After battling page after page of the most vocally and psychologically demanding music in opera, Brünnhilde faces in Act Three’s fifth and final scene music which not only resolves both Götterdämmerung and Der Ring des Nibelungen as a whole but also crowns a tripartite explication of humanity through the eyes of a single woman. That her immolation was the apotheosis of Stemme’s portrayal of Brünnhilde was apparent from the first notes of her unfaltering ‘Starke Scheite schichtet mir dort am Rande der Rheins zuhauf!’ Throughout the scene, her voice, on inimitably assured form from her opening phrase in the dawn duet, was distilled into a sound of penetrating purity. If a passage was sung loudly, it was because its sentiments must reach the vaunted halls of Walhalla. If a top note was accentuated, it was because the word that it carried demanded to be heard. The soprano’s steely ‘Wie Sonne lauter strahlt mir sein Licht’ gave way to a tranquilly cathartic ‘Ruhe, ruhe, du Gott!’ in which Stemme in those few notes burned through the haze that hangs over Götterdämmerung. The flames of Siegfried’s funeral pyre flickered in her singing of ‘Mein Erbe nun nehm’ ich zu eigen,’ and there was a surprising gentleness in her ‘Fliegt heim, ihr Raben,’ the loving daughter sensitive to the import of this final acknowledgement of her father’s presence. At last reclaiming Brünnhilde’s identity as the fearless Valkyrie, Stemme unfurled the full might of her voice in ‘Grane, mein Roß, sei mir gegrüßt,’ her top B♭s and Bs perfectly supported and projected with a staggering absence of effort. Never has a soprano made singing the Götterdämmerung Brünnhilde seem easy, but Stemme’s performance, blending elements of Flagstad’s femininity, Traubel’s grandeur, Harshaw’s dependability, Varnay’s dedication, Mödl’s intelligence, Nilsson’s unflappability, and Jones’s indomitability, was distinguished by a serenity that heralded her not merely as a remarkable Brünnhilde but, for this listener, as a definitive one.
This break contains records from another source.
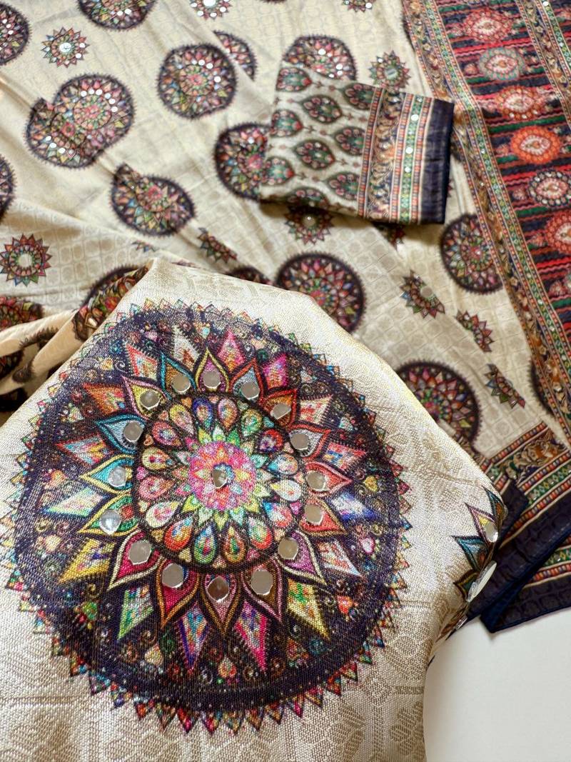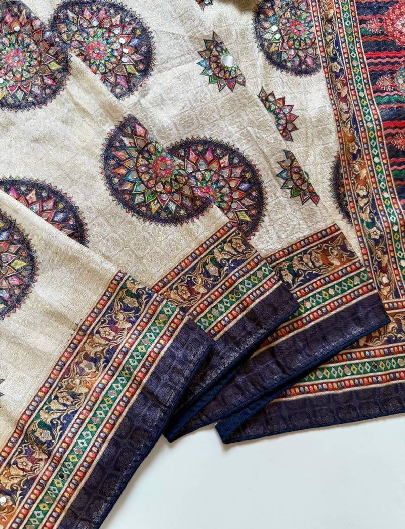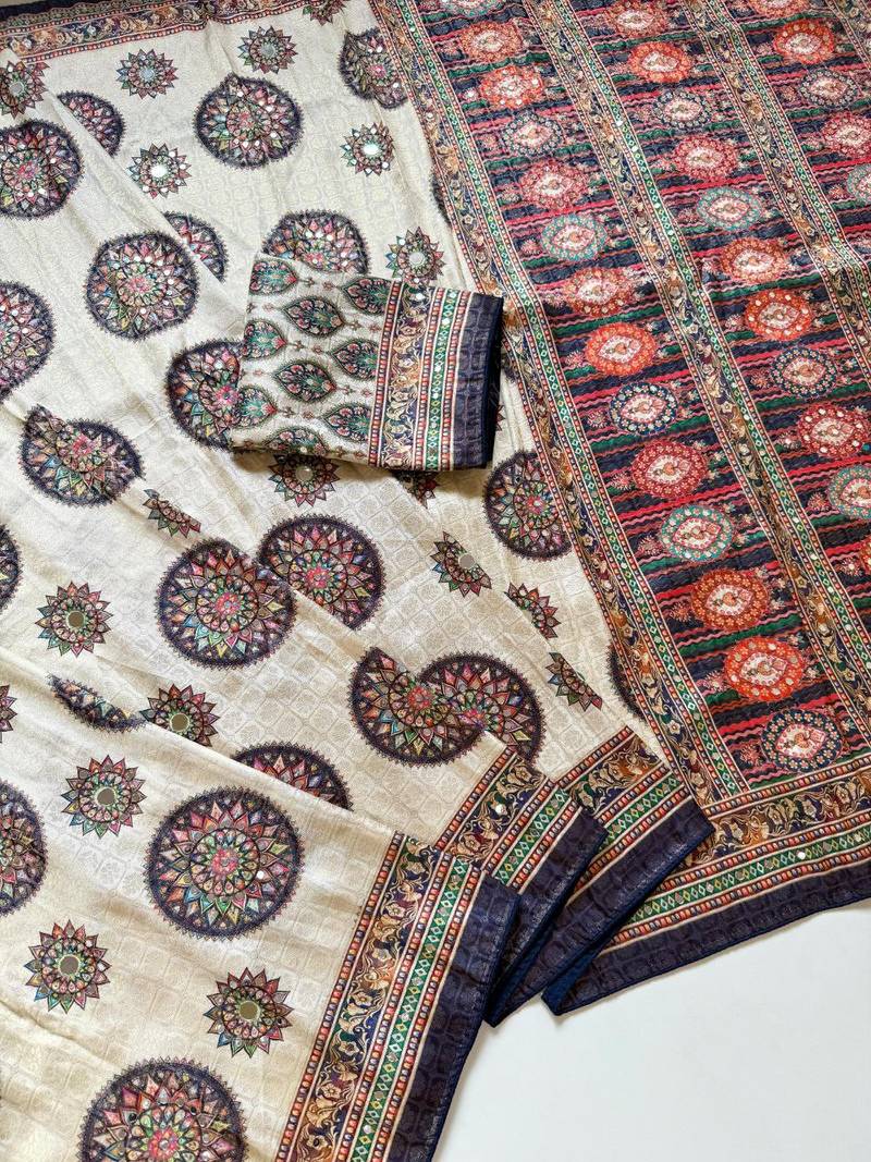 | Product Description | Saree : Dola Silk Full Jari Jaqurad Weaving All Over Fabric Soft And Smooth Fall Feel Work : Original Uhd Position Print Type Digital Printing With Original Mirror Work Heavy Dyuti Sticky Gum With Dori Piping Fitting Blouse: With Blouse Piece Is Full Mirror Work |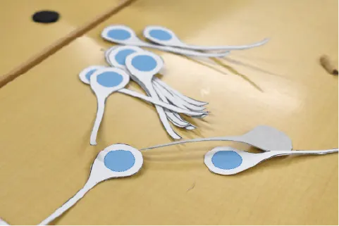 植物研究会のブースで松ぼっくりの標品を見せてもらったあと、お隣の向陽高校のブースに向かうと、松ぼっくりの種子と同じ構造をしている「カエデの種子」の模型を作るワークショップが開催されていました。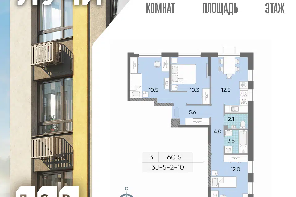 3-комн. кв., 60.6 м², 10/25 этаж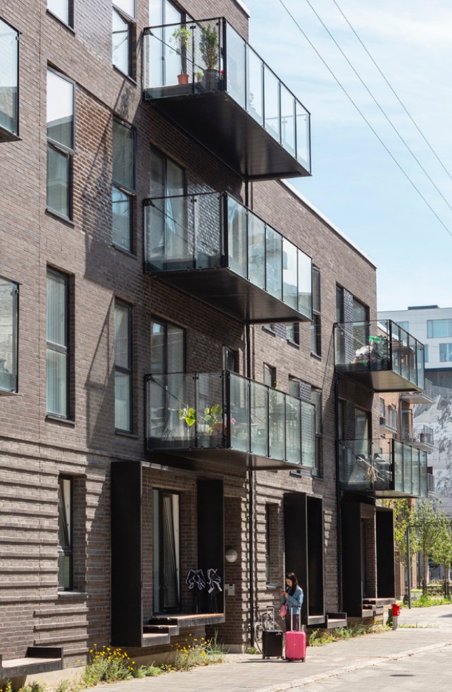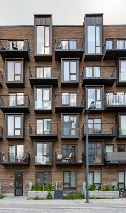 Facaderne udføres af lækre håndstrøgne mursten i forskellige farver, facaderne designes med galvaniserede altaner til alle lejligheder, vinduer og døre er udført i rå aluminium.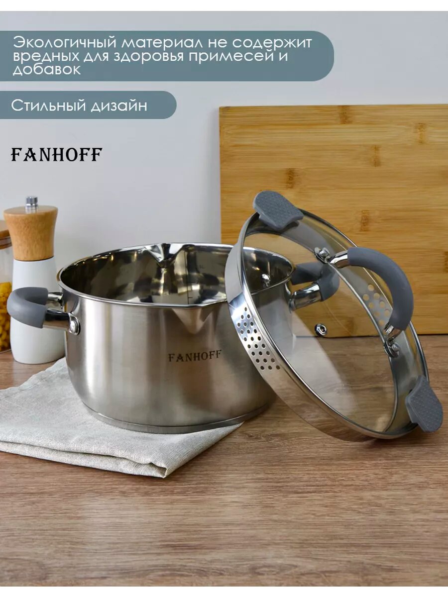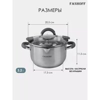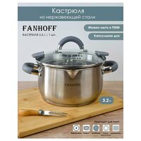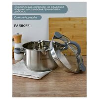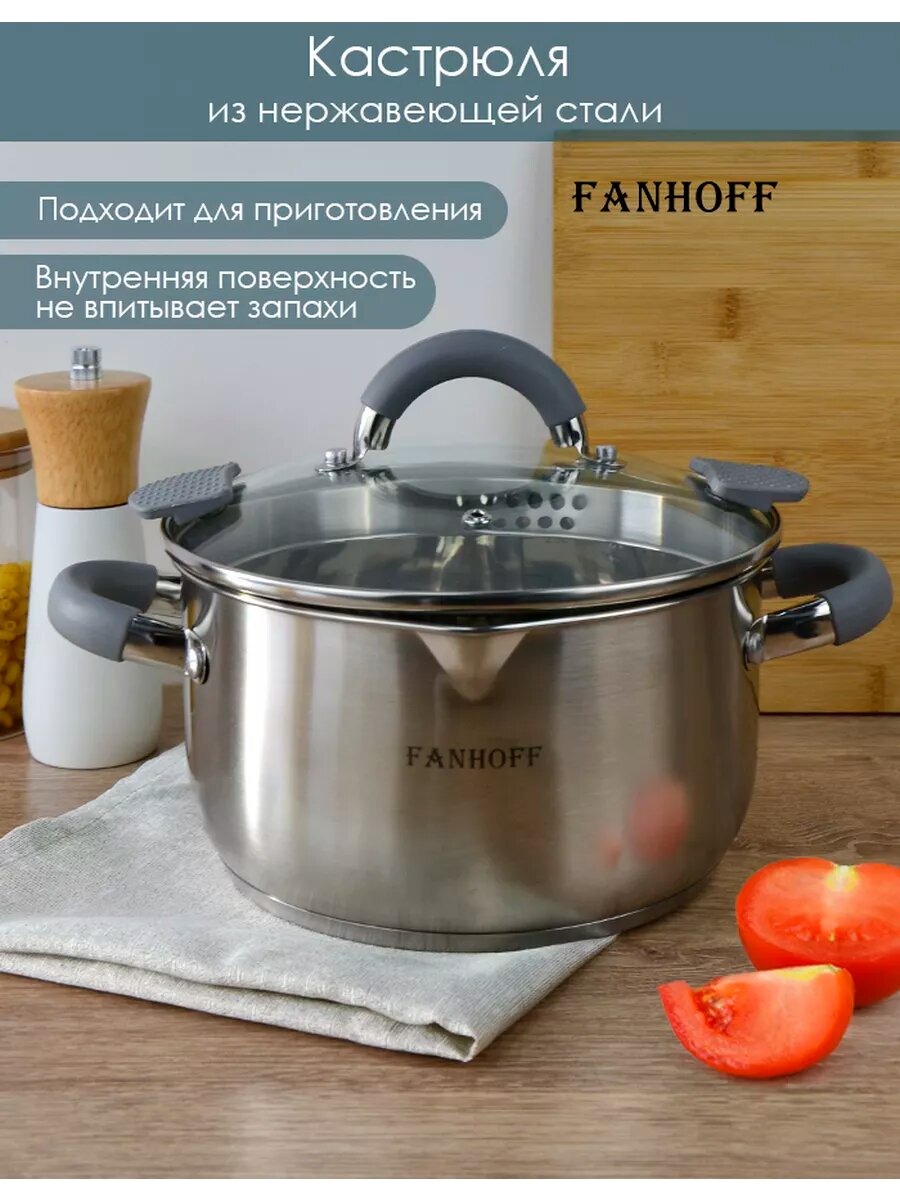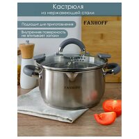 Купить Кастрюля FANHOFF 3,2 л, нержавеющая сталь, стеклянная крышка, для всех видов плит с доставкой по всей России.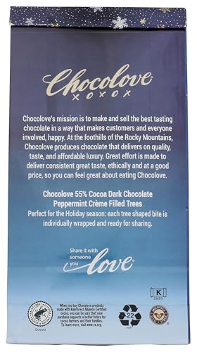 Specification: Chocolove Peppermint Crème Trees in Dark Chocolate | 55% Cocoa | Festive Christmas Candy & Chocolates for Gifting | Crafted with Belgian Chocolate | Non-GMO, & Gluten-Free, 7.05 oz Pack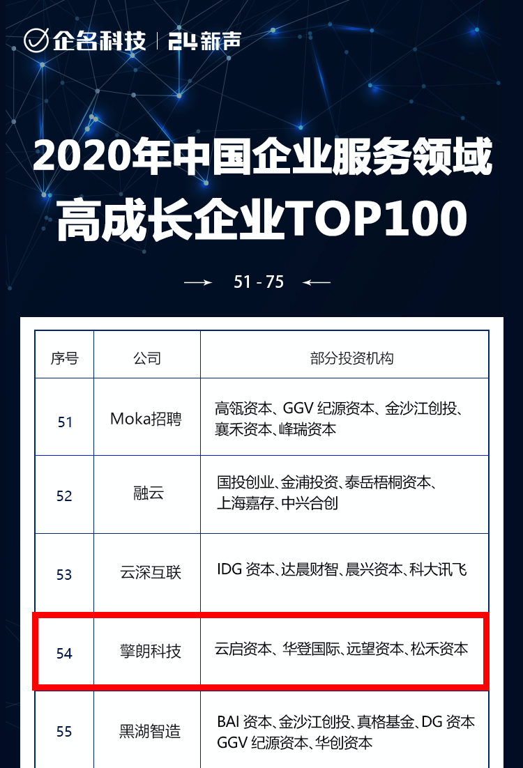 该榜单由知名智库型商业服务平台24新声发布,旨在发现中国企业服务领域高成长企业。这份榜单基于国内89681个企业服务领域创业项目,面向A轮-Pre IPO阶段超过2000家企业服务创业企业,从企业团队背景、业务数据、财务数据和市场影响力四个角度出发,运用大数据分析与调研问卷、集合走访、电话访谈结合的方式综合评判,最后以详实的数据、严谨的标准评选出近三年内企业服务领域具备高成长性的TOP100企业。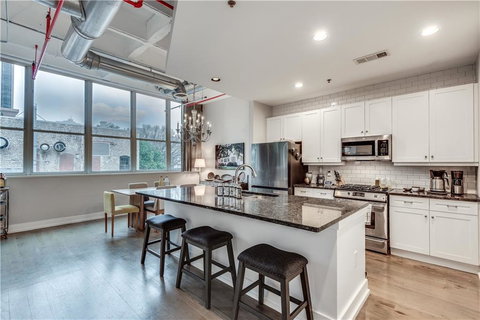 Live the vibrant urban dream in this stunning 2 bedroom, 2 full bath loft in the heart of Midtown! This stylish space boasts soaring ceilings, wall of windows allowing an abundance of natural light, gorgeous wide plank wood floors throughout, and ideal entertaining space. Enjoy the modern comforts of a sleek white chef's kitchen housing stainless appliances, generous island with sink and cabinetry, granite countertops, recessed lighting, and tile backsplash. NEW refrigerator and dishwasher (Fall 2023) and HVAC (Fall 2024), newer hot water heater, and recent professional air duct cleaning!!! Relax and recharge in the beautifully renovated primary bath that showcases an oversized tiled shower with seamless glass, dual showerheads, double vanity and open linen storage with floating shelves. The serene primary bedroom has two custom closets, one with overhead storage with convenient ladder attached. Enter the secondary bedroom through a galvanized barn door with Westside Provisions transom window; the ensuite bath is updated with tiled tub/shower combo and white vanity - perfect for a guest or roommate. Lower than the average for the area, the HOA dues cover internet and all utilities - owners pay separately for power only! Beyond your doorstep, you'll find two assigned parking spots in a gated, covered garage, secure front entrance, and TWO deeded storage areas. With the iconic Fox Theater only steps away, convenience to Woodruff Arts Center and Ga Tech, and a quick walk to coffee shops and Marta, all of Atlanta is at your fingertips! With only 20 units, there are rarely units available for sale so don't miss out...the best of the city awaits!
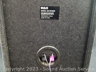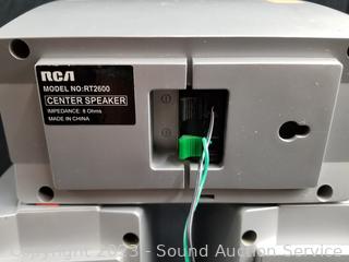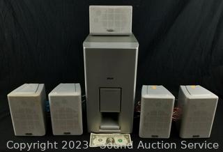 Lot Details: Sub, Center, 2 rear & 2 Front speakers. Signs of wear from use.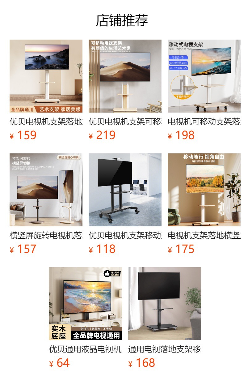 优贝简约复古实木落地电视支架家用轻便跨境实用小户型电视架子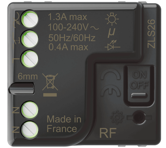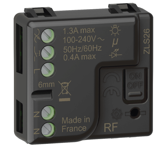 Mikromoduł oświetleniowy jest łatwy w montażu i współpracuje z każdym typem oświetlenia oraz mieści się wewnątrz lampy lub kinkietu. Wystarczy podłączyć go do systemu sterowania bezprzewodowego, by stał się bezprzewodowym punktem sterowania oświetleniem,
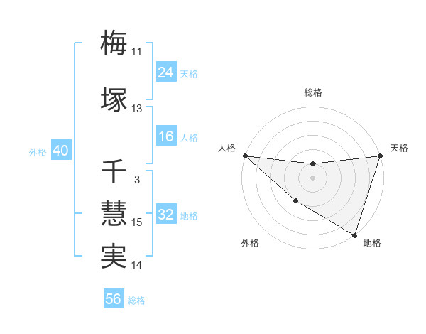 梅塚 千慧実さんを姓名の画数から五運を鑑定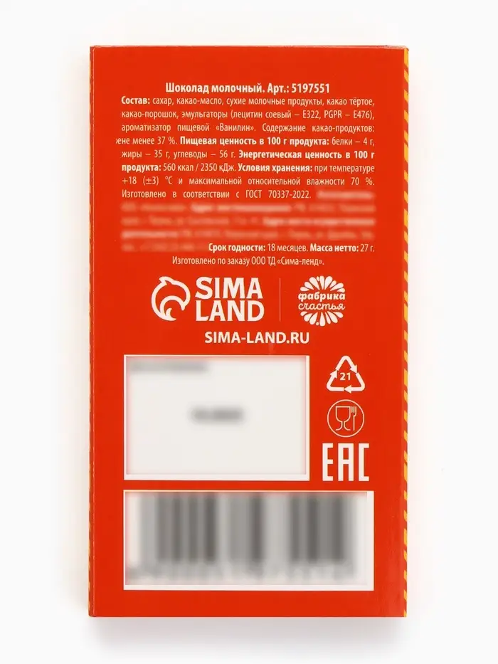 Состав: сухое цельное молоко, какао тёртое, масло какао, сухая молочная сыворотка, обезвоженный молочный жир, сахар, эмульгатор – соевый лецитин, ароматизатор, идентичный натуральному, «Ванилин».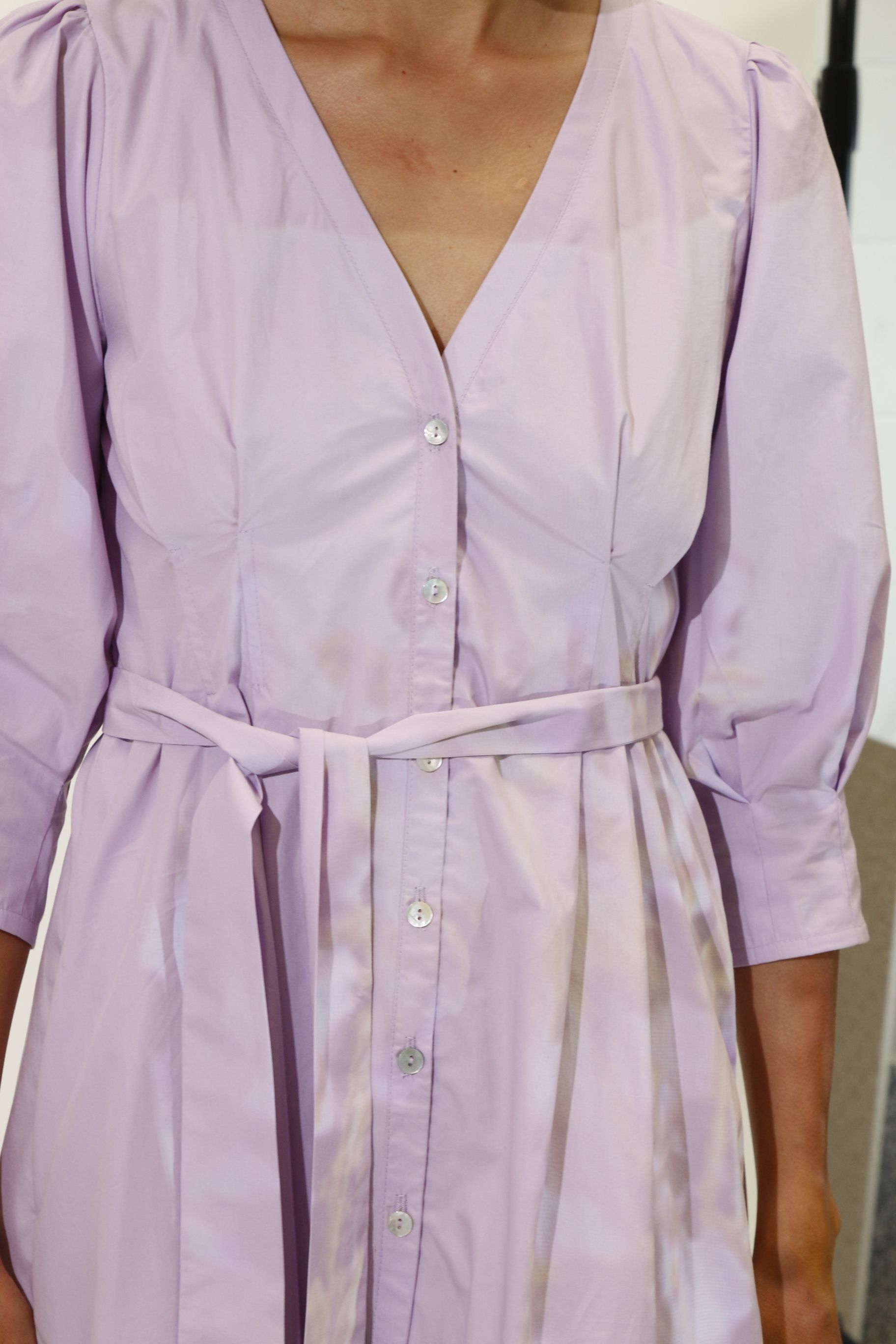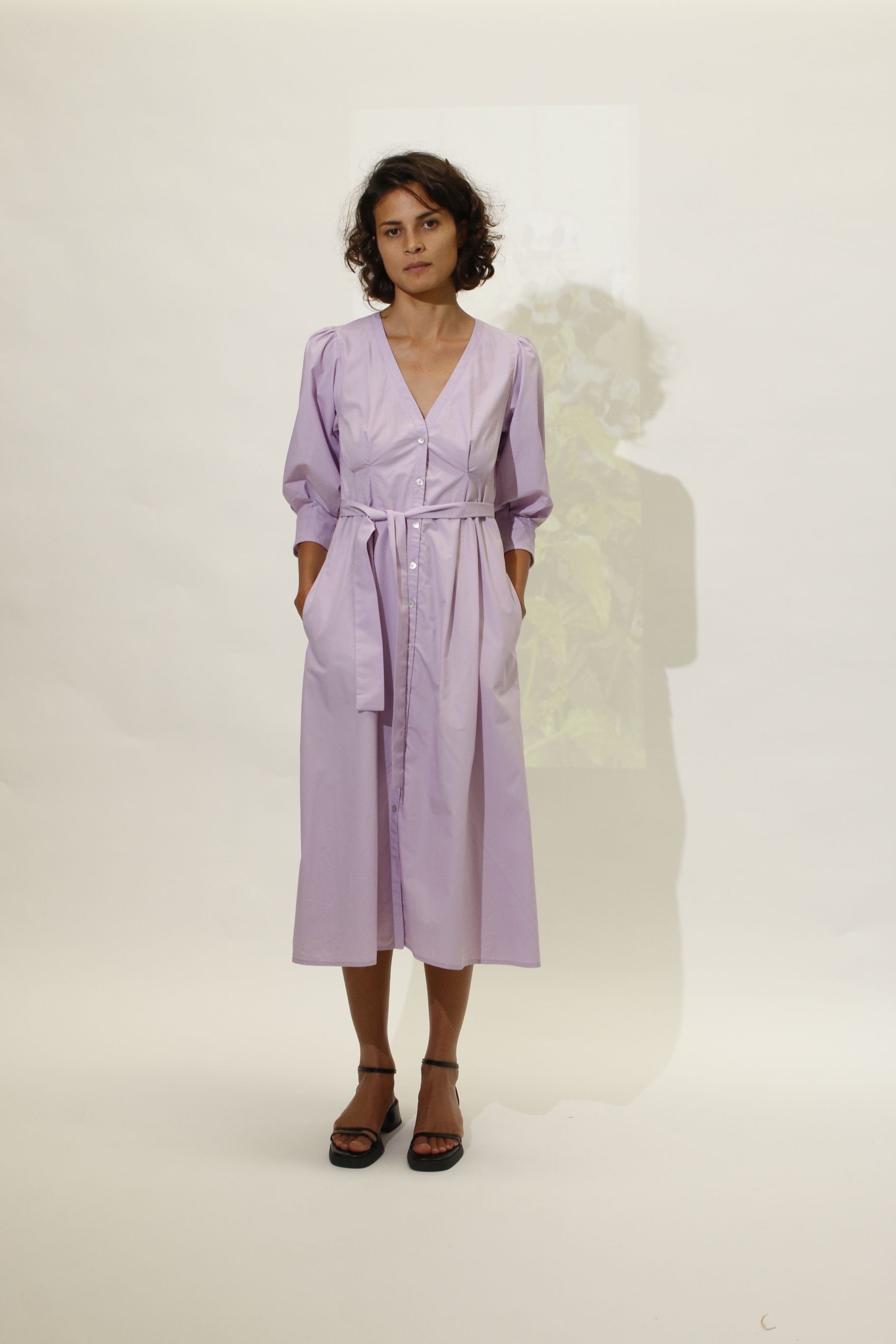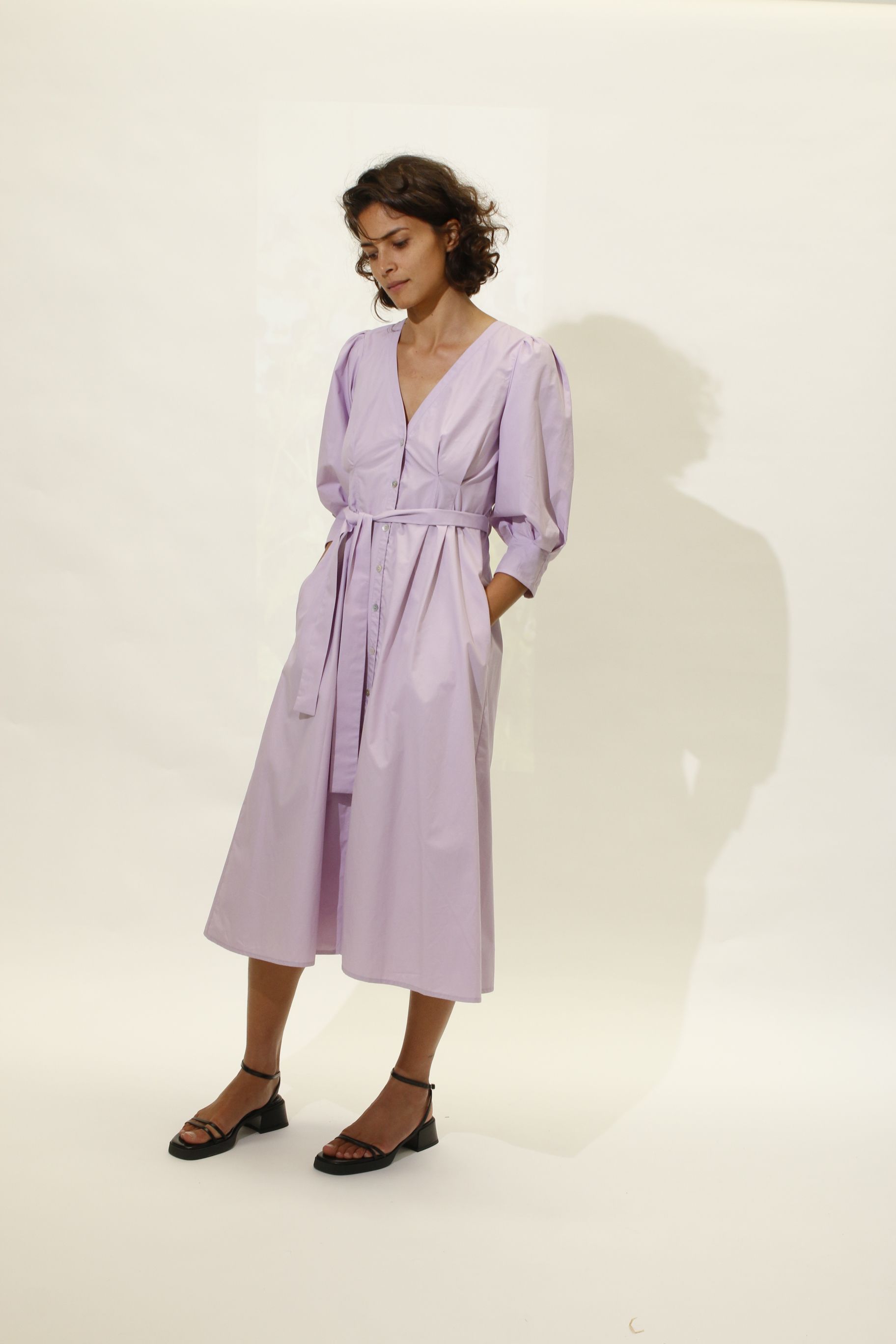 Voluminous sleeve Sewn down pleats below elbow Button closure Wear sleeves long or pushed up above the elbow Buttons down the front of the dress Pockets, deep tucks at waist, V neck Hem finishes just below knee

The ardor with which the perceived paucity of truly great singers is lamented might erroneously lure the casual observer into believing that the first sixteen years of the Twenty-First Century have delivered opera into a wasteland in which occasional encounters with mediocrity are construed as oases of genius. For an operaphile who has not yet reached the age of forty, it can be wearying to hear only that there are now no Flagstads, Melchiors, or Hotters. It is difficult to imagine that any of the Wagnerian adventurers who spent Sunday afternoon together at Kennedy Center listened to the breathtaking Götterdämmerung wrought by Washington National Opera with longing for singers of the past occupying their thoughts. No, there were no Flagstads, Melchiors, or Hotters, but Francesca Zambello and Philippe Auguin presided over a production and a performance in which great voices wielded by imaginative artists set Kennedy Center’s Opera House ablaze with a Götterdämmerung that sprang to life upon the stage but achieved immortality in the hearts and memories of those who witnessed it.